I need to run a model 1e8+ times. To do this - making sure the model is unbiased - I need to obtain 4 random values comprised between 0 and 1 at each run, and their sum must equal 1 (these values will be area fractions).
So I have tried the following:
Random_Fraction_a = rand(1, 4); % Random Numbers
Random_Fraction_b = Random_Fraction_a ./ sum(Random_Fraction_a); % Random Numbers wich their sum = 1
However, as depicted in the figure below, 'rand' returns uniformly distributed random numbers, which is exactly what I am after, but when I normalise them between [0 1], the distribution changes completely. Now, it is my understanding that this is "statistically normal", but it is not what I need. Do you know, or can you think of any alternative way to obtain 4 random decimal values comprised between 0 and 1, wich their sum gives 1, and that are uniformly distributed row-wise?

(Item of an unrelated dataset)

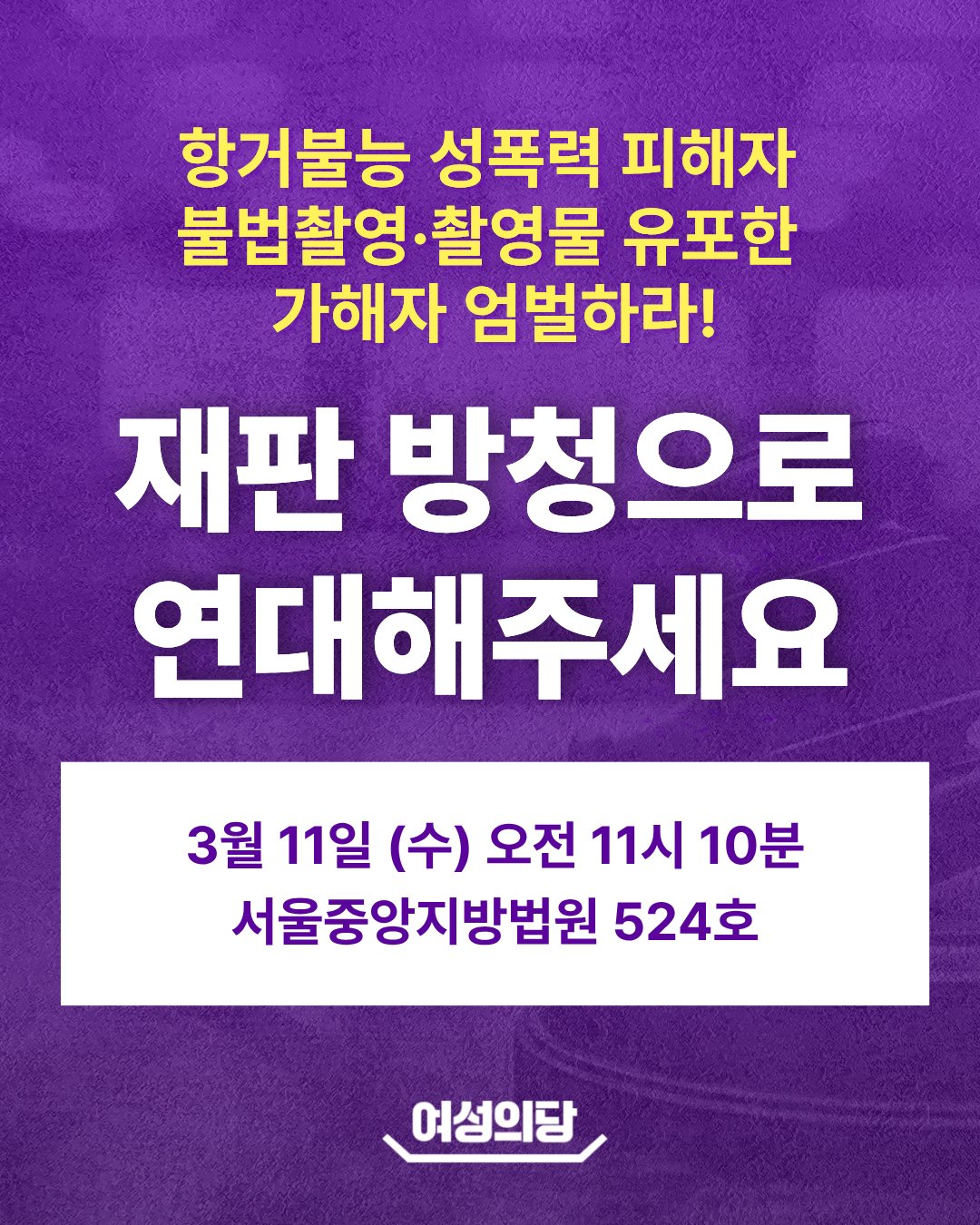 | [재판 방청 모집] 440건의 불법촬영물이 더 이상 유포되지 않을 수 있도록, 재판 방청으로 피해자에게 연대해주세요. | |

Any help is grately appreciated!
See figure (and code) below:
% Example code
for i=1:1e5
Random_Fraction_a = rand(1, 4);
Random_Fraction_b = Random_Fraction_a ./ sum(Random_Fraction_a);
Rand_Fa(:,i)=Random_Fraction_a;
Rand_Fb(:,i)=Random_Fraction_b;
end
figure
for ii=1:4
subplot(2,2,ii)
histogram(Rand_Fa(ii,:))
hold on
histogram(Rand_Fb(ii,:),"FaceAlpha",0.5)
legend('Rand Output','After Normalisation')
end

采纳的回答

Torsten
Torsten 2023-7-14
编辑:Torsten 2023-7-14
You cannot expect the usual uniform distribution for the 4 rows of the matrix. This is impossible since each vector component poses conditions on the others in the corresponding column.
What you can expect is that columns of the matrix are uniformly distributed over the part of the hyperplane x1+x2+x3+x4 = 1 with xi >= 0.
I don't know if this serves your needs.
x = randfixedsum(4,1e5,1,0,1);
for ii=1:4
subplot(2,2,ii)
histogram(x(ii,:),"FaceAlpha",0.5)
legend('After Normalisation')
end
function [x,v] = randfixedsum(n,m,s,a,b)
% [x,v] = randfixedsum(n,m,s,a,b)
%
% This generates an n by m array x, each of whose m columns
% contains n random values lying in the interval [a,b], but
% subject to the condition that their sum be equal to s. The
% scalar value s must accordingly satisfy n*a <= s <= n*b. The
% distribution of values is uniform in the sense that it has the
% conditional probability distribution of a uniform distribution
% over the whole n-cube, given that the sum of the x's is s.
%
% The scalar v, if requested, returns with the total
% n-1 dimensional volume (content) of the subset satisfying
% this condition. Consequently if v, considered as a function
% of s and divided by sqrt(n), is integrated with respect to s
% from s = a to s = b, the result would necessarily be the
% n-dimensional volume of the whole cube, namely (b-a)^n.
%
% This algorithm does no "rejecting" on the sets of x's it
% obtains. It is designed to generate only those that satisfy all
% the above conditions and to do so with a uniform distribution.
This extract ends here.